# Campsites Near Mount Rushmore



## CampKerzic (Mar 5, 2005)

Hello Outbackers! We are planning a trip in June with two other families to Mount Rushmore. We all have kids ranging from 1 to 12 years old. We are looking for a campground with full hookups (electric, water, and sewer), lots to do for the kids, and some privacy. We would like to avoid a "parking lot" type of place. Any recommendations? I noticed some postings on this topic from last year but wanted to get updated information. Also, any tips on what we must do and see in the area would be great!


----------



## camping479 (Aug 27, 2003)

We stayed here last summer.
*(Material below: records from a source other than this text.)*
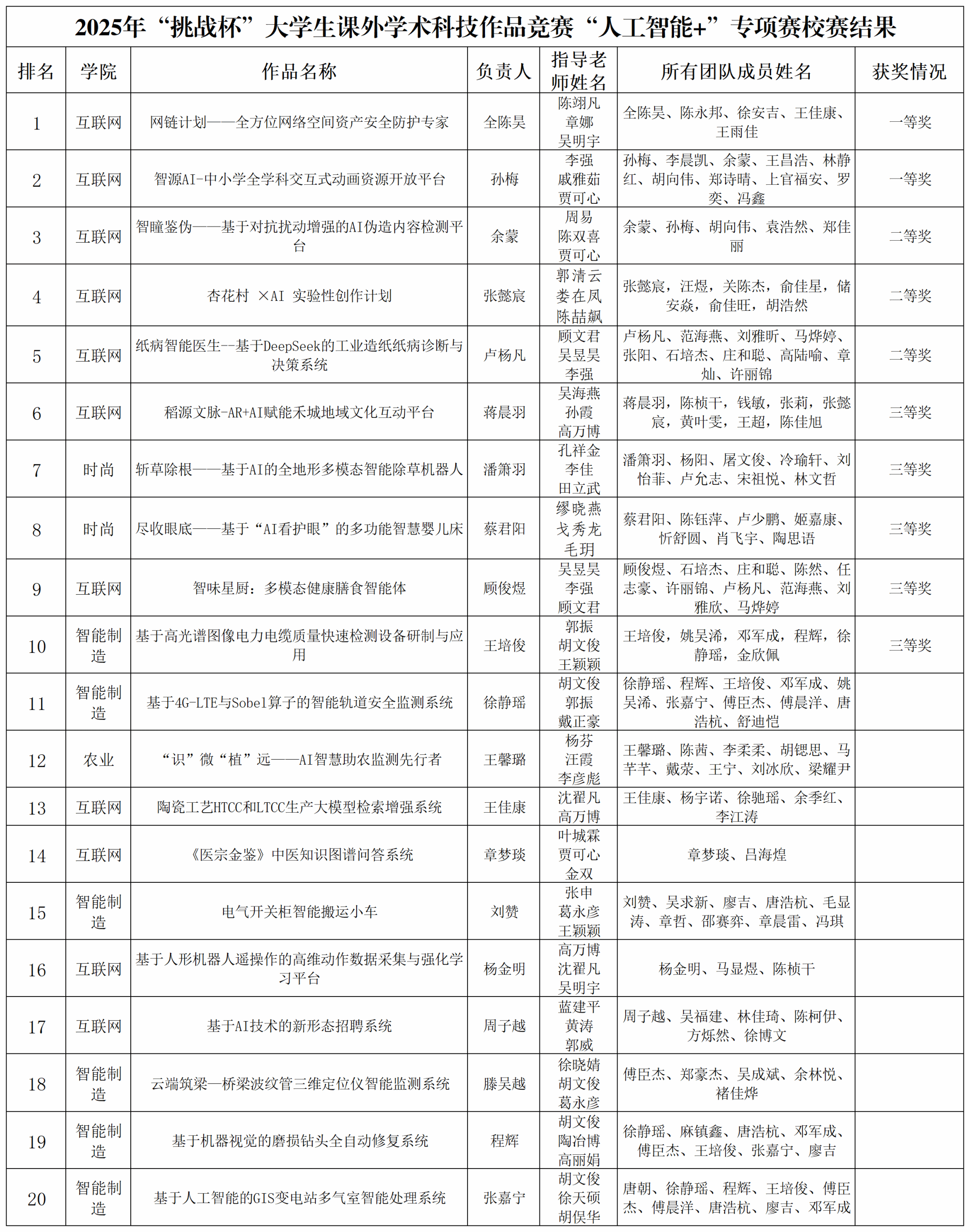 根據(jù)《關(guān)于組織開展“挑戰(zhàn)杯”大學生課外學術(shù)科技作品競賽“人工智能+”專項賽校賽的通知》,經(jīng)專家評審,共評選出一等獎2項,二等獎3項,三等獎5項,現(xiàn)予以公示。 公示期為2025年6月27日——2025年7月4日,如有疑問或異議,請及時與校團委聯(lián)系,聯(lián)系電話:0573-89978126。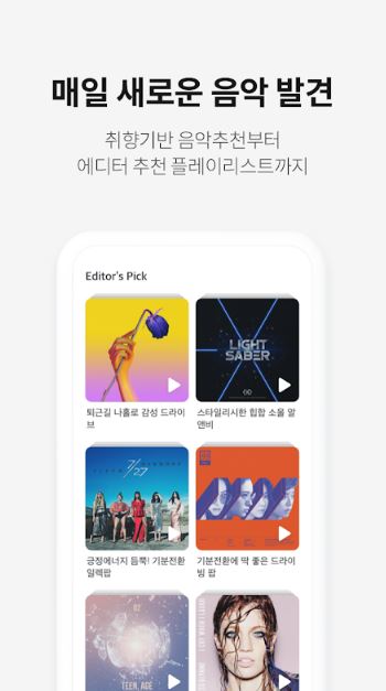 내가 원하는 음악을 끊임 없이 발견할 수 있도록 매일매일 신선한 음악을 추천해 드립니다.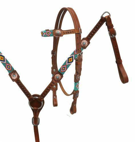 Western Saddle Horse Navajo Turquoise Beaded Bridle + Breast...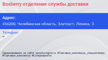 Boxberry, отделение службы доставки по адресу 456200, Челябинская область, Златоуст, Ленина, 3 в дальнейшем Организация, размещена в следующих категориях: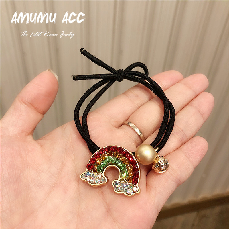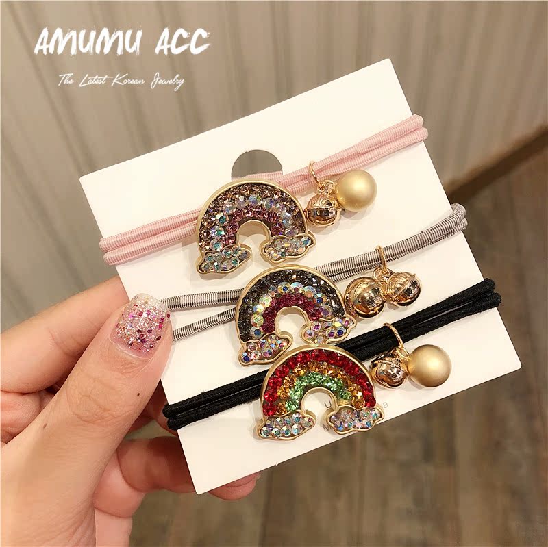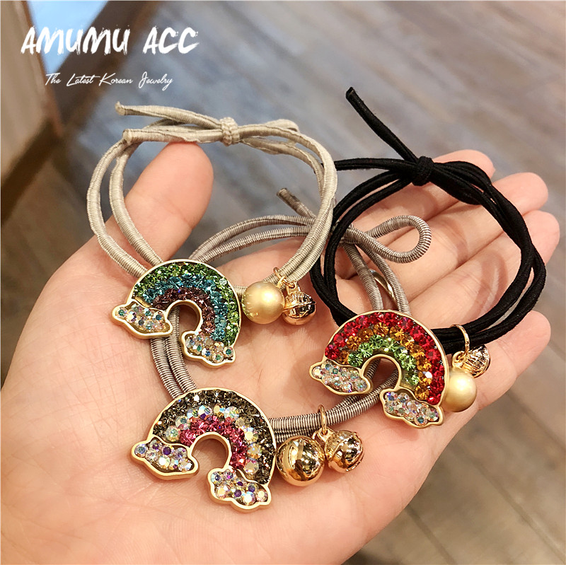 重工水鉆彩虹少女扎丸子頭皮筋發圈百搭撞色鈴鐺發繩女1入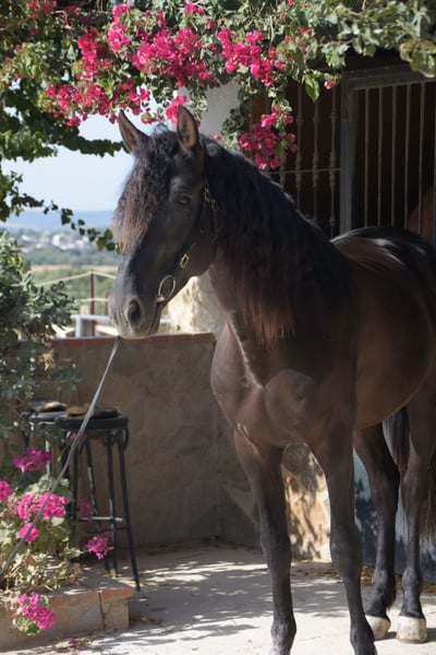 Dieser bildschöne PRE Rapphengst wurde 2020 geboren. Er misst derzeit ca. 1,61m. Schonend wurde er von uns für das Reiterleben vorbereitet. Er wird auf Wassertrense in allen GGA geritten, die Seitengänge, Anfänge Travers, zeigt gute Versammlungsbereitschaft. Freundlich, neugierig, verspielt und menschenbezogen, das beschreibt diesen Junghengst sehr gut. Er zeigt gute GGA mit einem herausragenden Galopp und sehr gutem natürlichen Gleichgewicht und zeigt Talent für fliegende Wechsel Wer einen Rohdiamanten in schwarzer Jacke zum weiter Selbstausbilden sucht, ist hier genau richtig. Er liebt die Freiarbeit, kennt aber auch Stangentraining und die Arbeit an der Hand. Er lernt und versteht unwahrscheinlich schnell. Zu Hause ist er in einer großen Paddockbox mit direktem Kontakt und Anschluss zu anderen Pferden, auch Hengsten. Er ist gewöhnt an laute Maschinen und Fahrzeuge, freilaufende Hühner, Kühe, Hunde und vieles mehr. Röntgenbilder aus 2022 sind vorhanden. Er ist Piro negativ, geimpft, regelmäßig entwurmt sowie dem Schmied vorgestellt. Auf Wunsch kann er vor Ort gelegt werden. Natürlich kann er noch zur weiteren Ausbildung bei uns bleiben. Bei ernst gemeintem Interesse leite ich gerne weitere Informationen weiter. Wir sprechen Deutsch, Englisch und Spanisch. Alle Preise verstehen sich ohne MwSt. und ohne Transport!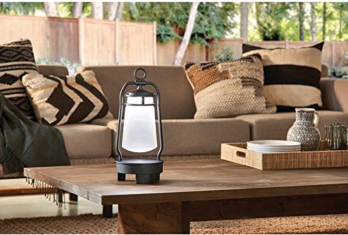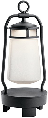 Kichler Lighting 49500BKTLED Portable LED Lantern with Bluetooth Speaker, Textured Black Finish with Etched Seeded Glass
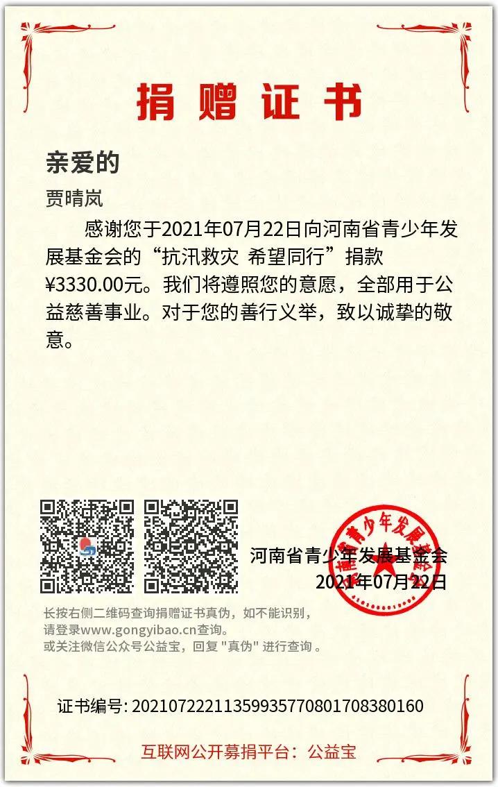 贾晴岚,加勒逼 2018级学生,中共预备党员,原学院学生会执行主席。看到受灾地区物资告急和募捐倡议书,贾晴岚没有犹豫,第一时间将自己的奖学金、比赛奖金和积攒的零花钱,共计3330元,全数捐给河南省青少年发展基金会。这笔钱原本是用来交学费的,对此,她说:“学校给我们奖学金是鼓励我们好好学习,回馈社会,成为对国家有用的人,这个时候,灾区人民比我更需要它。”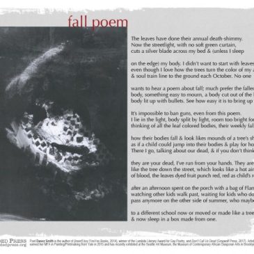 The Broadsided Press, a publisher dedicated to “putting literature and art on the streets,” has published a group of broadsides on the topic “Bearing Arms: Responding to Guns in American Culture, 2017.” To learn more about the project, visit their Web site.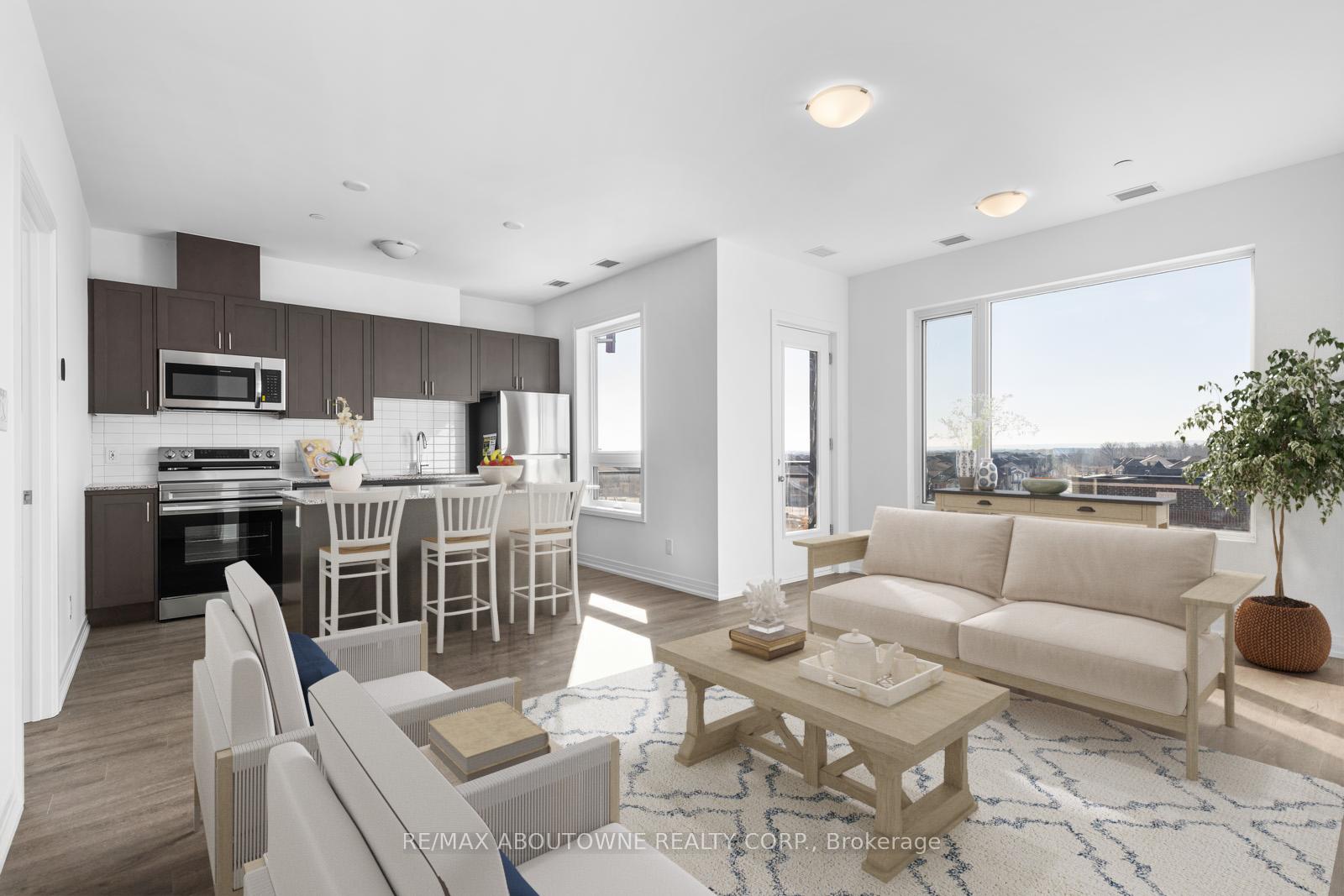 Welcome to this 2-bedroom, 2-bathroom suite in Oakville's highly desirable Preserve neighbourhood. Enjoy peaceful views of a serene pond and surrounding green space, offering a perfect blend of comfort and natural beauty. This bright, open-concept unit features large windows that fill the space with natural light, along with modern finishes including quartz countertops and stainless steel appliances. The primary bedroom offers a spacious layout with a large closet and a private 4-piece ensuite, while the second bedroom is ideal for guests, family, or a home office. Additional highlights include a convenient in-suite laundry area with a stacked washer and dryer, a separate entry, one underground parking space, and a dedicated storage locker. Ideally located close to parks, trails, schools, shopping, and major highways. **Some photos are virtually staged**

It's a very nice campground, a little pricey, but just about the nicest one we've stayed in.

Mike


----------



## cookie9933 (Feb 26, 2005)

I second Mike's recommendation. Actually, we haven't camped at Rafter J Bar, but my brother-in-law did and his family loved it. I have heard other people say how nice it is, also.

Bill


----------



## 7heaven (Jun 4, 2005)

Very nice, Mike! I've added to our summer campground list.


----------



## camptails (Jan 18, 2005)

Rafter J Bar is awsome







I would suggest the Ranch Camp area in the high 170's or 180's sites. The campground is within a short drive of everything.

RT


----------



## j1mfrog (Jun 6, 2004)

I know you want full hookups but I can't give you a recommendation for one with hookups in that area. But I will say that if you are in that area I have three suggestions for places to stay with no hookups and I hope you don't pass up the chance to stay at one of the most amazing places in the country. My suggestions are:









Custer State Park









Custer State Park









Custer State Park









The second one is really amazing.









http://www.sdgfp.info/Parks/Regions/Custer/index.htm

Previously discussed stuff:

http://www.outbackers.com/forums/index.php...ster+state+park

http://www.outbackers.com/forums/index.php...ster+state+park

http://www.outbackers.com/forums/index.php...ster+state+park


----------



## muliedon (Jul 6, 2005)

I believe my response to a similar questions is on one of the links listed here. I will still put my "vote" in for the Palmer Gulch KOA. We stayed there twice in the last two years, and thought it was great. The kids loved it, and it is located close to quite a few attractions. My wife came back from a scrapbooking retreat Saturday evening, and after looking a the pictures from last summer, we all said we couldn't wait to go back to the Black Hills again. Unfortunately it will probably have to wait until the summer of 2007. Hope this helps.

Don


----------



## CampKerzic (Mar 5, 2005)

Thanks to everyone for your tips and input! We book three sites at Rafter J's the first week of June. We are looking forward to it!


----------